**What is needed**. Begin at the top of the entries below and write out every line through the one containing "Parmi les nombreux", excluding pictures.

**Listed records**.
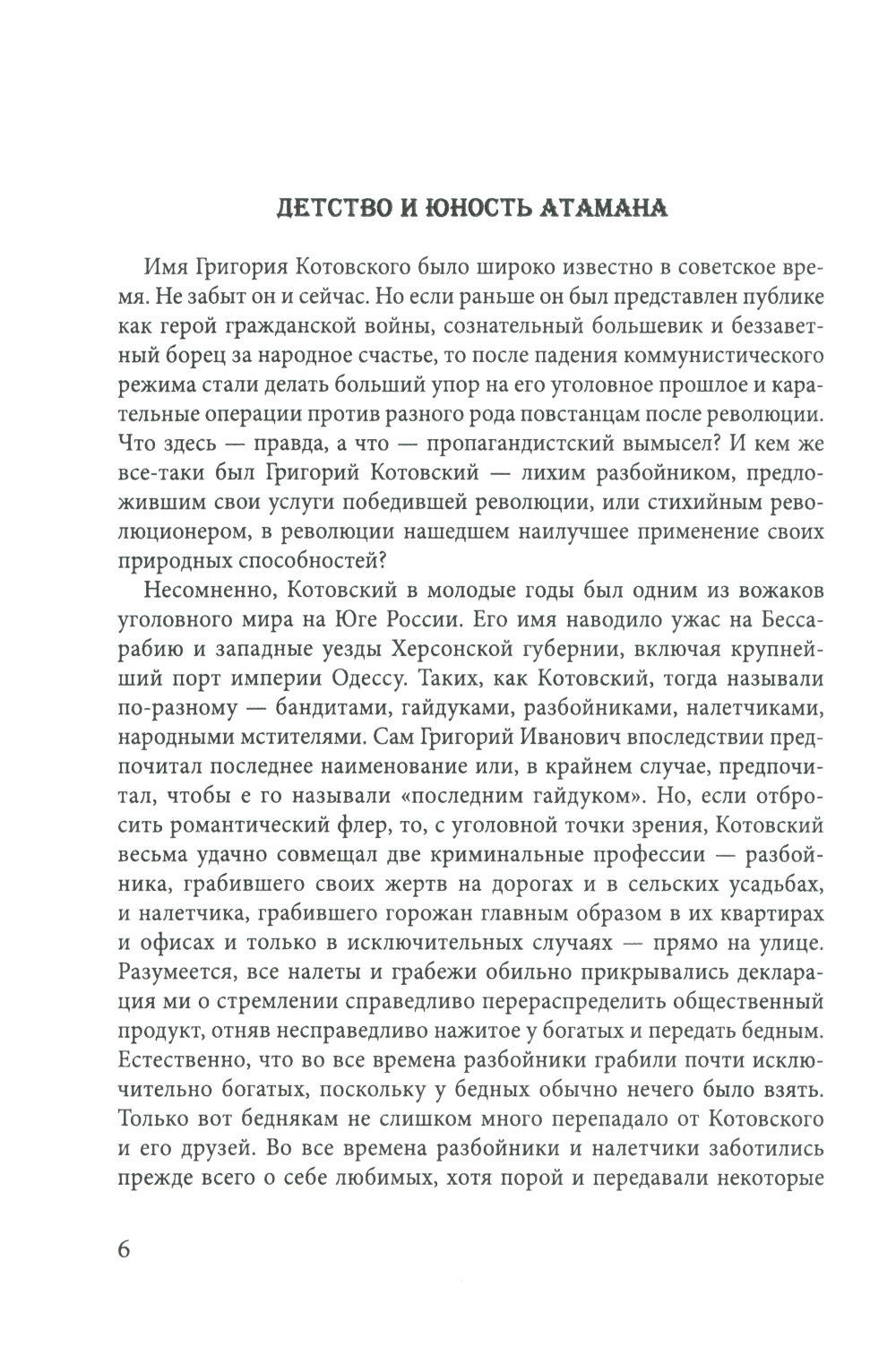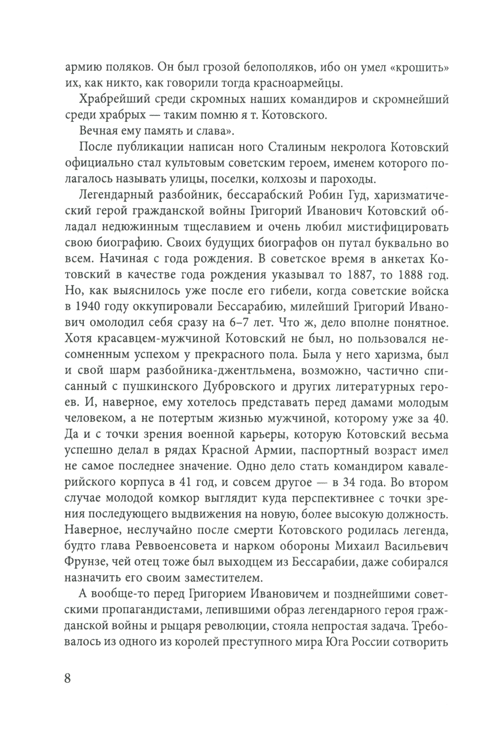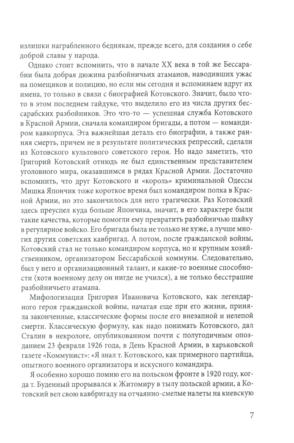 Григорий Иванович Котовский был легендой, как при царской, так и при советской власти. В Российской империи - один из признанных лидеров преступного мира, которого в Бессарабии называли «местным Робин Гудом» и «атаманом Ада». После 1917 года - легендарный командир Красной Армии и народный герой Гражданской войны, член Реввоенсовета СССР, а так же один из руководителей Украинского, Молдавского и Союзного Центрального Исполнительного Комитета. Историк Борис Соколов показывает, что из многочисленных мифов, которыми обросло имя Григория Котовского, соответствует действительности, а что имеет с ними мало общего. Автор подробно рассказывает о таких известных эпизодах биографии главного героя данной книги как участие в занятии Одессы зимой 1920 года и о борьбе с Антоновским восстанием в Тамбовской губернии летом 1921 года. Объясняются причины его популярности, сделана попытка раскрыть мотивы его загадочного убийство. Прослеживается также отражение образа Котовского в романе Виктора Пелевина «Чапаев и Пустота» и в кинематографе. Биография Котовского дана на фоне истории России первой четверти XX века, в том числе и т. н. «Бессарабского вопроса»
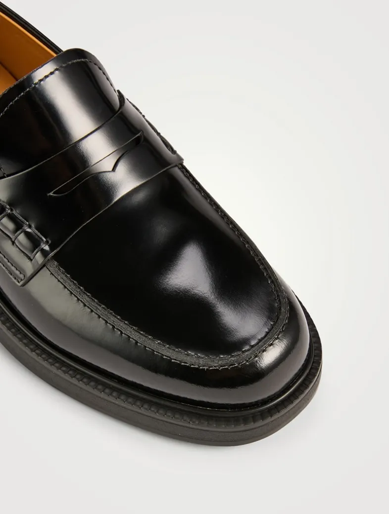 Exuding a preppy look, these loafers in calfskin leather are finished with penny bar detailing. Featuring a side band with Tod’s logo, they come with a rubber outsole with embossed rubber pebbles.
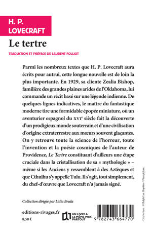 Parmi les nombreux textes que H. P. Lovecraft aura remaniés ou écrits pour autrui, cette longue nouvelle est de loin la plus importante. En 1929, alors qu'il est au faîte de sa créativité, sa jeune cliente Zealia Bishop, familière des grandes plaines arides de l'Oklahoma, lui commande un récit basé sur une vague légende indienne. De quelques lignes indicatives, le maître du fantastique moderne tire une formidable épopée miniature, où un aventurier espagnol du XVIe siècle fait la découverte d'un prodigieux monde souterrain et d'une civilisation d'origine extraterrestre aux moeurs souvent glaçantes.
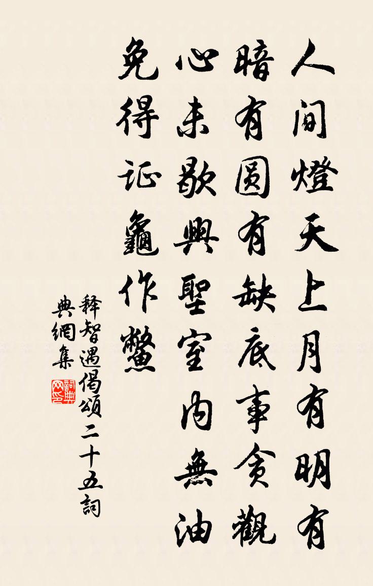 詩詞名句歷史字典書法欣賞書法字典國語詞典說文解字康熙字典古漢語字典標 題 作 者 詩 句 偈頌二十五作者:釋智遇 朝代:宋代偈頌二十五原文人間燈,天上月。有明有暗,有圓有缺,底事貪觀心未歇。興聖室內無油,免得證龜作鱉。詩詞問答問:偈頌二十五的作者是誰?答:釋智遇問:偈頌二十五寫於哪個朝代?答:宋代釋智遇偈頌二十五書法欣賞偈頌二十五書法作品詩詞推薦和學士吳元昭釋彌光〔宋代〕通身一穿金鎖骨,正眼觀來猶剩物。縱使當機覿面提,敢保敢士猶未徹。和郭帚齋詠龜泉劉黻〔宋代〕鎔出形模造化工,石龜中有冽泉通。來從西峽蝦蟆碚,靜鎮南源瑪瑙宮。潤澤一城消眾渴,澄波千古照孤忠。貪廉感舊寄上芸叟侍郎晁說之〔宋代〕於越茫茫羈旅久,函秦落落笑談中。曲江煙月新春夢,寒食人家故國風。此際一樽曾邂逅,他時相見更從容。丈人鷓鴣天王詵〔宋代〕才子陰風度遠關。清愁曾向畫圖看。山銜斗柄三星沒,雪共月明千里寒。新路陌,舊江乾。崎嶇誰嘆客程難。臨風送和甫至龍安微雨因寄吳氏女子王安石〔宋代〕荒煙涼雨助人悲,淚染衣巾不自知。除卻春風沙際綠,一如看汝過江時。洞天春侯善淵〔元代〕道要仙機,頓悟方知,物物盡捐。見本來一性,沖開昊境,朗如秋月,清似寒泉。湛湛澄澄,纖塵不染,出入龍鄉題李昭訓山水牟融〔唐代〕卜築藏修地自偏,尊前詩酒集群賢。半岩松暝時藏鶴,一枕秋聲夜聽泉。風月謾勞酬逸興,漁樵隨處度流年。南州依韻奉和永叔感興五首梅堯臣〔宋代〕唧唧復唧唧,長沙何太息。秋風入破衣,瘦婦思補刺。手中把長線,無帛縫不得。夜夜憂向寒,斗柄漸垂北。嫁夫得曾蛩秀才所附滁州歐陽永叔書答意梅堯臣〔宋代〕客從淮上來,往問故人信。袖銜藤紙書,題字遠已認。既喜開其封,固覺減吾吝。新詩不作寄,乃見子所慎。向來為客何應龍〔宋代〕初秋為客暮秋歸,一檐輕囊半是詩。試問客情何處惡,五更孤店酒醒時。命里文天祥〔宋代〕熊羆十萬建行台,單騎誰教免胄來。一日捉將沙漠去,遭逢碧眼老回回。崔文學甲攜文見過蕭然有出塵之姿問之則孫介蘇軾〔宋代〕象服盛簪珥,豈是邢夫人。敝衣破冠履,可憐范叔貧。君看崔員外,晚就觀國賓。當年頗赫赫,翁媼爭為姻。(事新亭梅偶作吳則禮〔宋代〕衡門宿昔只棲遲,慚愧三堂春事奇。為有叢筠傍流水,故教疏影作橫枝。香羅未辦凌波去,素魄休論啼鴃時。乞與偈頌一百五十首釋心月〔宋代〕四月十五,雲龍風虎。掃蕩欃槍,肅清寰宇。五月十五,松巒竹塢。明月作龕,白雲閉戶。即今六月十五,毒蛇橫和樂天秋涼閒臥劉禹錫〔唐代〕暑退人體輕,雨餘天色改。荷珠貫索斷,竹粉殘妝在。高僧掃室請,逸客登樓待。槐柳漸蕭疏,閒門少光彩。贈玉隆都監周抱一姚勉〔宋代〕一別丹霞洞,何年到此邦。犬隨燒藥鼎,鶴伴改詩窗。談柄風生席,清標月在江。西山聞欲隱,來訪鹿門龐。洞仙歌(梅)晁補之〔宋代〕年年青眼。為江梅腸斷。一句新詩思無限。向碧瓊枝上,白玉葩中、春猶淺。一點龍香清遠。誰拋傾國艷。昨夜前夜宴惜別白居易〔唐代〕笙歌旖旎曲終頭,轉作離聲滿座愁。箏怨朱弦從此斷,燭啼紅淚為誰流?夜長似歲嘆宜盡,醉未如泥飲莫休。何況枕上陸游〔宋代〕窗紙蕭蕭印月痕,數聲新雁過江村。孤愁不與夢俱斷,羸老豈知身尚存?世事萬端歸蠹簡,秋風百感集清樽。荷鋤漁具詩笭箵陸龜蒙〔唐代〕誰謂笭箵小,我謂笭箵大。盛魚自足餐,寘璧能為害。時將刷蘋浪,又取懸藤帶。不及腰上金,何勞問蓍蔡。名句推薦良禽擇木而棲,賢臣擇主而事。羅貫中《三國演義·第三回》 梅子黃時日日晴,小溪泛盡卻山行曾幾《三衢道中》 一事真,百事真。馮夢龍《醒世恆言·卷十六》 轡壓馬頭金錯落,鞍籠駝背錦斕班。金德淑《望江南·春睡起》 大道如青天,我獨不得出。李白《行路難三首》 候館梅殘,溪橋柳細。歐陽修《踏莎行·候館梅殘》 近來何處有吾愁,何處還知吾樂。辛棄疾《念奴嬌·賦雨岩》 半死梧桐老病身,重泉一念一傷神。白居易《為薛台悼亡》 害人之心不可有,防人之心不可無!佚名《增廣賢文·下集》 猶喜閏前霜未下,菊邊依舊舞身輕。司空圖《白菊三首》
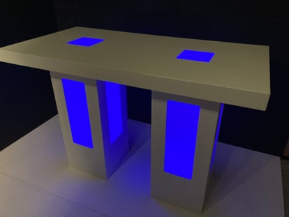 Unieke statafel met colorLED-verlichting. De set is hoogglans wit afgelakt. Wilt u graag een andere kleur, uiteraard is dit mogelijk.
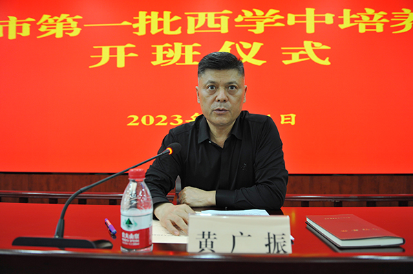 黃廣振代表市衛(wèi)健委向入選學(xué)員表示熱烈的祝賀,向承辦培訓(xùn)的揚州大學(xué)和徐州市中醫(yī)院表示衷心的感謝。他分別從學(xué)習(xí)習(xí)總書記對中醫(yī)藥的重要論述;新冠疫情防治防控通過中西醫(yī)結(jié)合優(yōu)勢互補,為疫情防控工作作出突出貢獻;屠呦呦等多名西學(xué)中代表人物取得了豐碩成果等,多層次、全方位、廣維度深度剖析了中西醫(yī)結(jié)合的優(yōu)勢所在,闡釋了要加強中西醫(yī)結(jié)合人才培養(yǎng)的重要性和必要性。對于怎樣完成西學(xué)中的學(xué)習(xí)任務(wù),黃主任提出四點要求:一是真心熱愛中醫(yī),增強學(xué)習(xí)自覺;二是明確學(xué)習(xí)重點,把握中醫(yī)精髓;三是掌握學(xué)習(xí)途徑,練就過硬本領(lǐng);四是堅持優(yōu)勢互補,強化創(chuàng)新引領(lǐng),堅定理想信念,要學(xué)有所獲、學(xué)有所得、學(xué)有所為,同時對承辦單位提出相關(guān)教學(xué)要求。

**Task response**.
 Григорий Иванович Котовский был легендой, как при царской, так и при советской власти. В Российской империи - один из признанных лидеров преступного мира, которого в Бессарабии называли «местным Робин Гудом» и «атаманом Ада». После 1917 года - легендарный командир Красной Армии и народный герой Гражданской войны, член Реввоенсовета СССР, а так же один из руководителей Украинского, Молдавского и Союзного Центрального Исполнительного Комитета. Историк Борис Соколов показывает, что из многочисленных мифов, которыми обросло имя Григория Котовского, соответствует действительности, а что имеет с ними мало общего. Автор подробно рассказывает о таких известных эпизодах биографии главного героя данной книги как участие в занятии Одессы зимой 1920 года и о борьбе с Антоновским восстанием в Тамбовской губернии летом 1921 года. Объясняются причины его популярности, сделана попытка раскрыть мотивы его загадочного убийство. Прослеживается также отражение образа Котовского в романе Виктора Пелевина «Чапаев и Пустота» и в кинематографе. Биография Котовского дана на фоне истории России первой четверти XX века, в том числе и т. н. «Бессарабского вопроса»
 Exuding a preppy look, these loafers in calfskin leather are finished with penny bar detailing. Featuring a side band with Tod’s logo, they come with a rubber outsole with embossed rubber pebbles.
 Parmi les nombreux textes que H. P. Lovecraft aura remaniés ou écrits pour autrui, cette longue nouvelle est de loin la plus importante. En 1929, alors qu'il est au faîte de sa créativité, sa jeune cliente Zealia Bishop, familière des grandes plaines arides de l'Oklahoma, lui commande un récit basé sur une vague légende indienne. De quelques lignes indicatives, le maître du fantastique moderne tire une formidable épopée miniature, où un aventurier espagnol du XVIe siècle fait la découverte d'un prodigieux monde souterrain et d'une civilisation d'origine extraterrestre aux moeurs souvent glaçantes.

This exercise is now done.